§ **WORK ORDER**
Starting with the line with "Stainless Steel Outlet" in the entries below and going on through the line with "A framed Marc", output every line exactly and nothing more. No pictures.

§ **SUPPLIED RECORDS**
*** Block opens ***
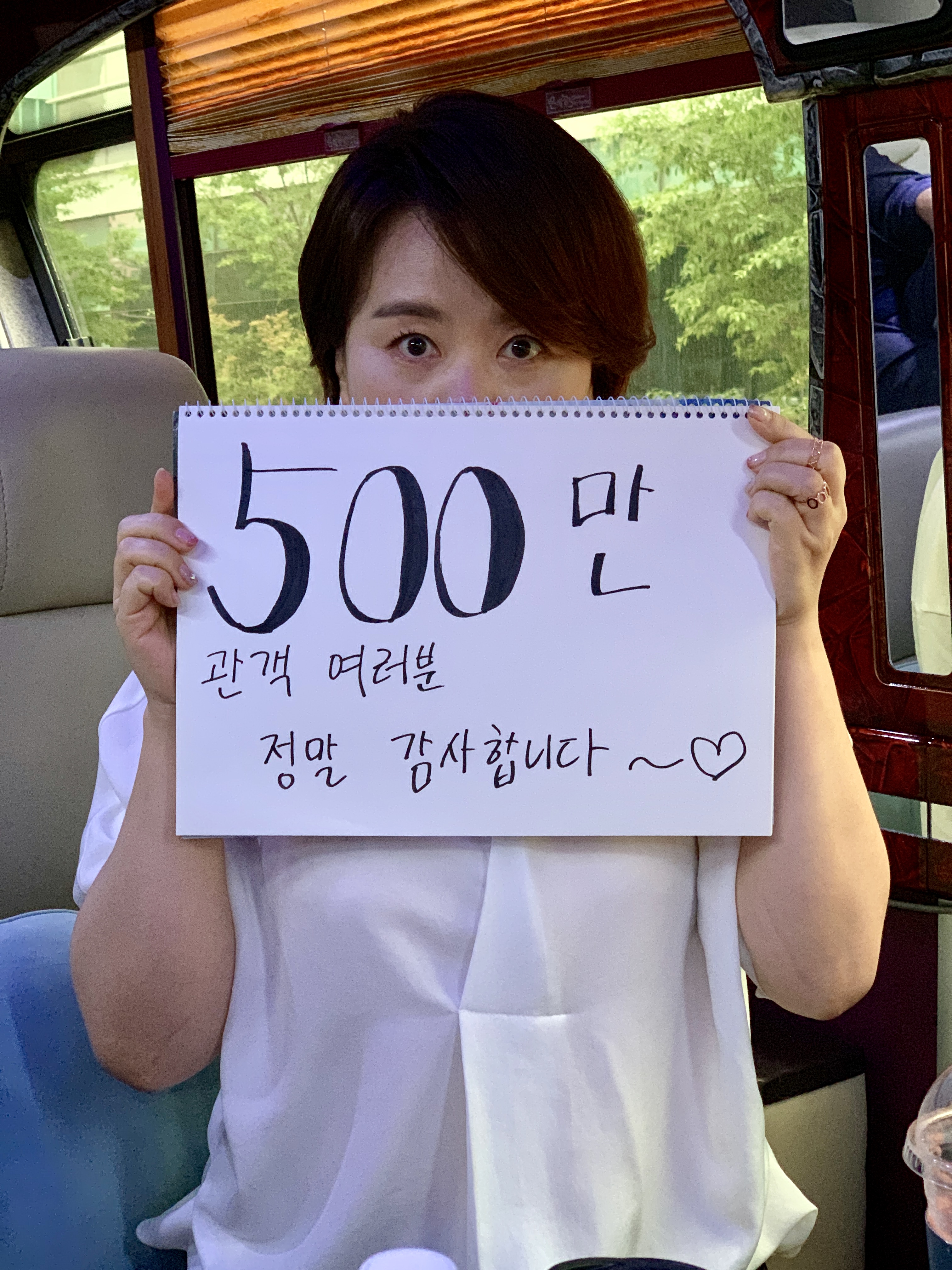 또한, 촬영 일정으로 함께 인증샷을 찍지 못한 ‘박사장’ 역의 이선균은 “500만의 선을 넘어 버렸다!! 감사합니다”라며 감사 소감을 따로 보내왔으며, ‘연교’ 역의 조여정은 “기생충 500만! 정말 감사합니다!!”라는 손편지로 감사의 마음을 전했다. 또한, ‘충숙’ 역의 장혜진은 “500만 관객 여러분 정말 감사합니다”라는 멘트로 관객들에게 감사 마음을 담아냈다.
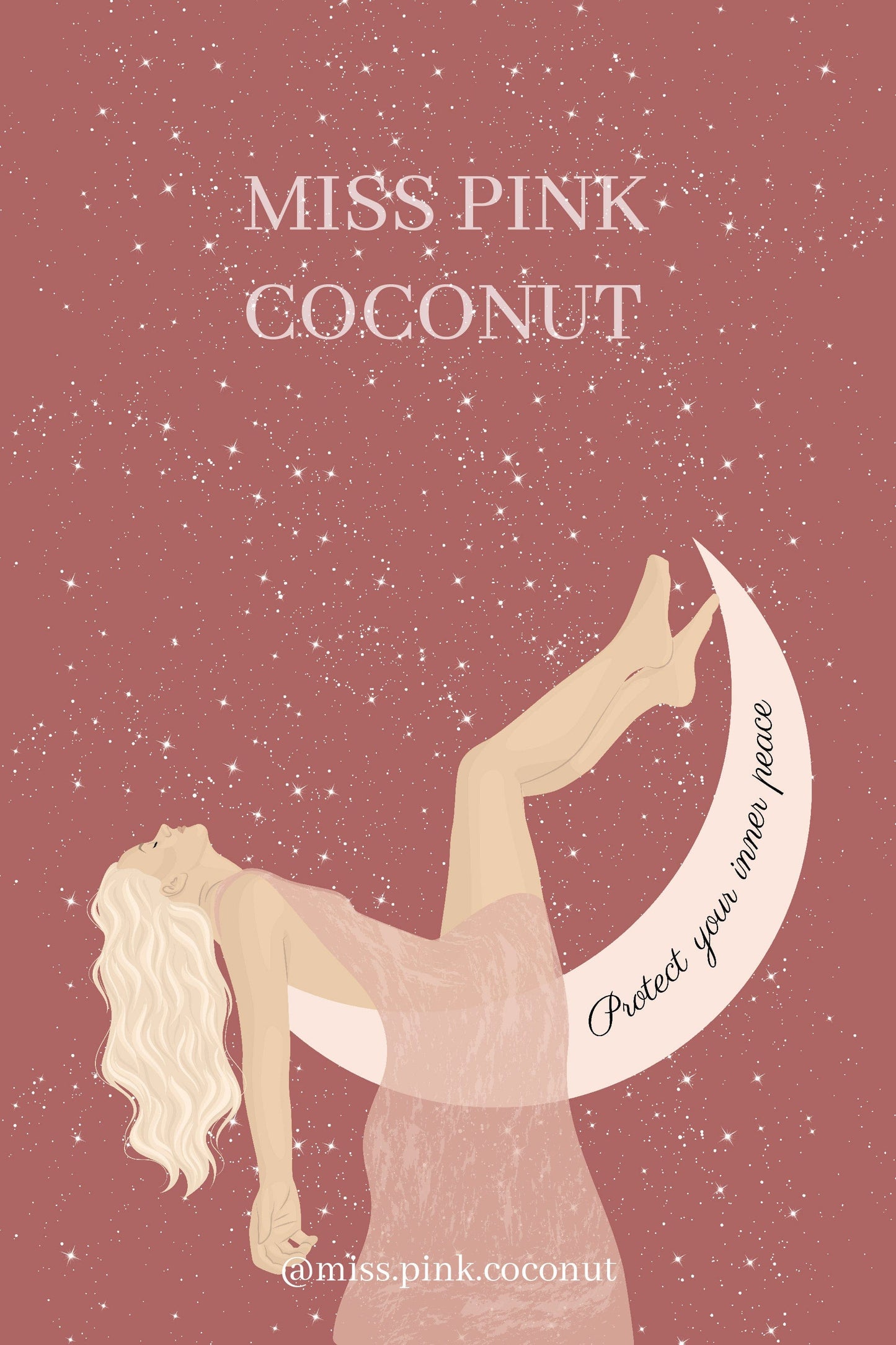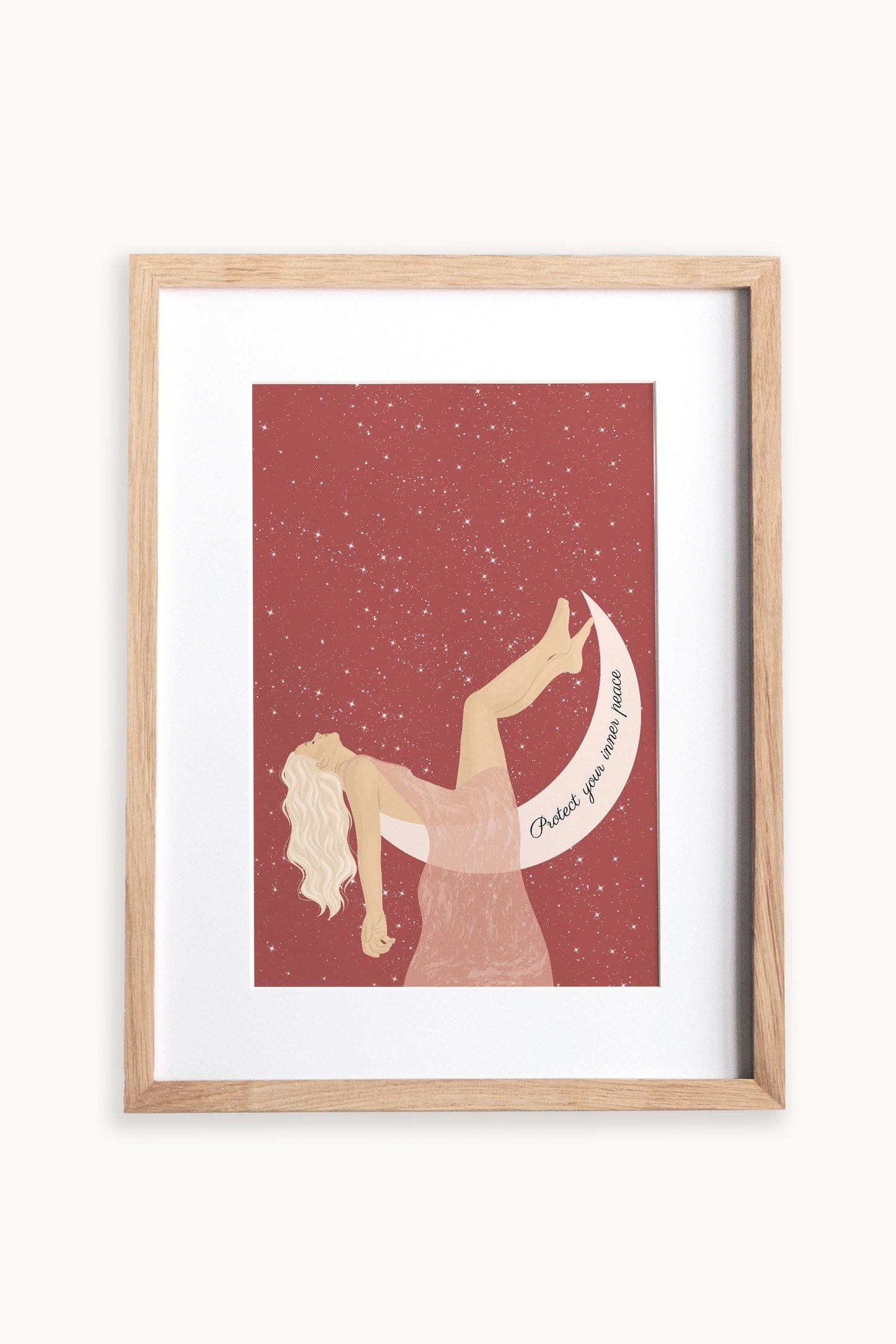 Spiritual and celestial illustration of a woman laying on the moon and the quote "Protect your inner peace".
*** Block closes ***
*** Block opens ***
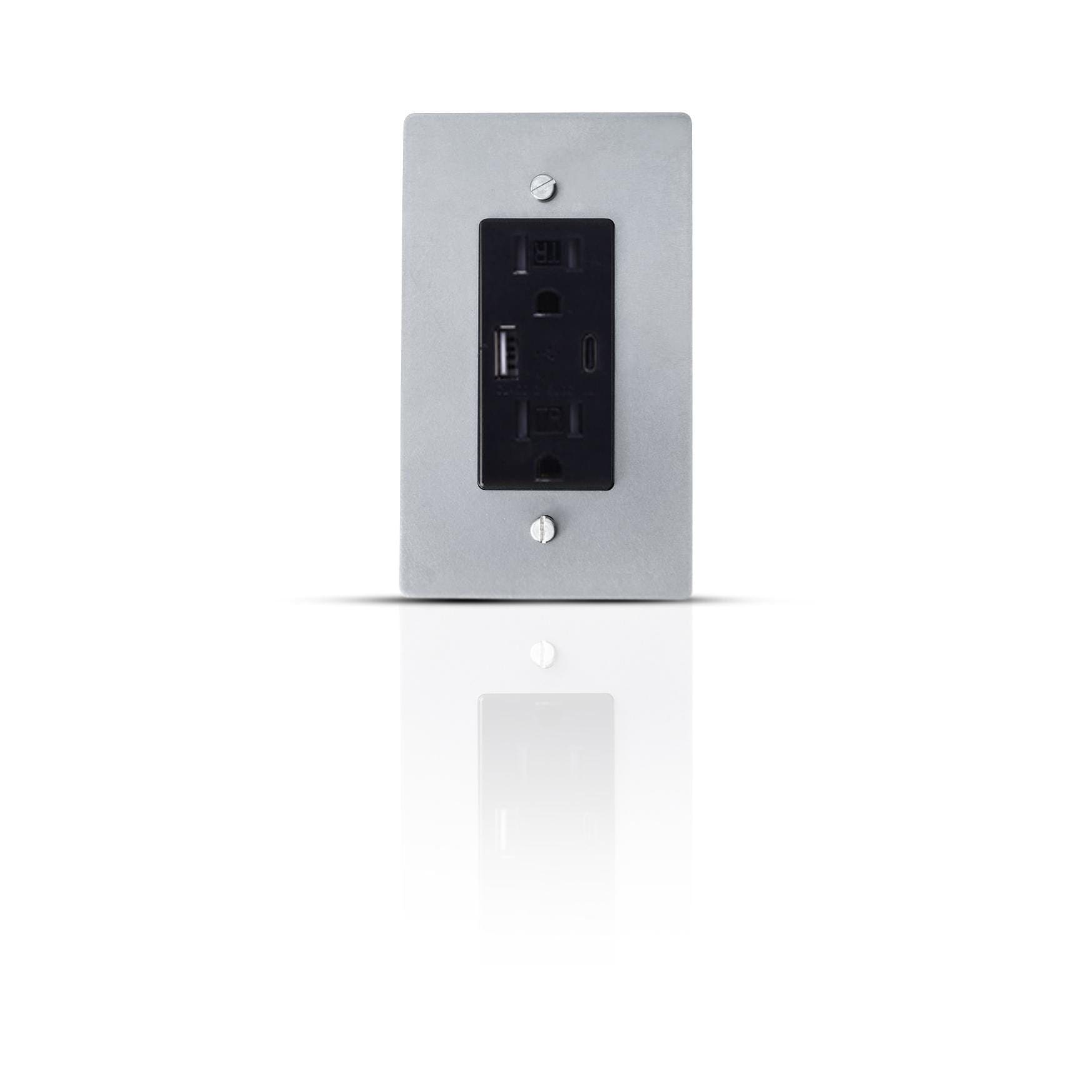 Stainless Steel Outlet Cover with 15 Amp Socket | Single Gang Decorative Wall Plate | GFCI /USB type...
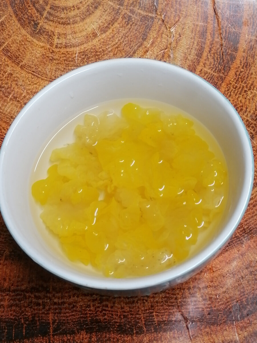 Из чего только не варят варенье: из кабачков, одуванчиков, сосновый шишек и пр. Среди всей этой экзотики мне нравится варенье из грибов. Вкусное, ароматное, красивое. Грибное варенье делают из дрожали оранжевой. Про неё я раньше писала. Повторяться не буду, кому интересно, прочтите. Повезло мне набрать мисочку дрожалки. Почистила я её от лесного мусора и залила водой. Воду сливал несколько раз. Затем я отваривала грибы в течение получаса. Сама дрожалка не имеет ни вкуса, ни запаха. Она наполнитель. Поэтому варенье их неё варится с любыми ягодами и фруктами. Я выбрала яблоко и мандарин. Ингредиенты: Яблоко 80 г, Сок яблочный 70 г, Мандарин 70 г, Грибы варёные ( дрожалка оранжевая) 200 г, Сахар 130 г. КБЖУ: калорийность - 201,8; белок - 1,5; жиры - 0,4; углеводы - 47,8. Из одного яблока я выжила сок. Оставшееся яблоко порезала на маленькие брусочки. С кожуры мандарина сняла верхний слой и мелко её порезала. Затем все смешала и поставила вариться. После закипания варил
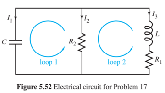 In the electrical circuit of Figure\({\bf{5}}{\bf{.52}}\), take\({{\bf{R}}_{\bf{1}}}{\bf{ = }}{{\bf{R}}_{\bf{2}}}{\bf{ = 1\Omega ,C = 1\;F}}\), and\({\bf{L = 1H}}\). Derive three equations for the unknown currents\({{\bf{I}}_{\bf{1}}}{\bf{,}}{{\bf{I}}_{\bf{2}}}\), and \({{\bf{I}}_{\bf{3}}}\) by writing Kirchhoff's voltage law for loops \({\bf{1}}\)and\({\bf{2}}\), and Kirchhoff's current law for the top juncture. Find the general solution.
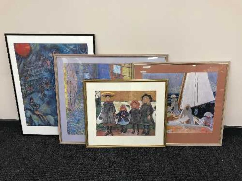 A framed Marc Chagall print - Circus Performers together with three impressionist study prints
*** Block closes ***
§ **EXERCISE RESPONSE**
 Stainless Steel Outlet Cover with 15 Amp Socket | Single Gang Decorative Wall Plate | GFCI /USB type...
 Из чего только не варят варенье: из кабачков, одуванчиков, сосновый шишек и пр. Среди всей этой экзотики мне нравится варенье из грибов. Вкусное, ароматное, красивое. Грибное варенье делают из дрожали оранжевой. Про неё я раньше писала. Повторяться не буду, кому интересно, прочтите. Повезло мне набрать мисочку дрожалки. Почистила я её от лесного мусора и залила водой. Воду сливал несколько раз. Затем я отваривала грибы в течение получаса. Сама дрожалка не имеет ни вкуса, ни запаха. Она наполнитель. Поэтому варенье их неё варится с любыми ягодами и фруктами. Я выбрала яблоко и мандарин. Ингредиенты: Яблоко 80 г, Сок яблочный 70 г, Мандарин 70 г, Грибы варёные ( дрожалка оранжевая) 200 г, Сахар 130 г. КБЖУ: калорийность - 201,8; белок - 1,5; жиры - 0,4; углеводы - 47,8. Из одного яблока я выжила сок. Оставшееся яблоко порезала на маленькие брусочки. С кожуры мандарина сняла верхний слой и мелко её порезала. Затем все смешала и поставила вариться. После закипания варил
 In the electrical circuit of Figure\({\bf{5}}{\bf{.52}}\), take\({{\bf{R}}_{\bf{1}}}{\bf{ = }}{{\bf{R}}_{\bf{2}}}{\bf{ = 1\Omega ,C = 1\;F}}\), and\({\bf{L = 1H}}\). Derive three equations for the unknown currents\({{\bf{I}}_{\bf{1}}}{\bf{,}}{{\bf{I}}_{\bf{2}}}\), and \({{\bf{I}}_{\bf{3}}}\) by writing Kirchhoff's voltage law for loops \({\bf{1}}\)and\({\bf{2}}\), and Kirchhoff's current law for the top juncture. Find the general solution.
 A framed Marc Chagall print - Circus Performers together with three impressionist study prints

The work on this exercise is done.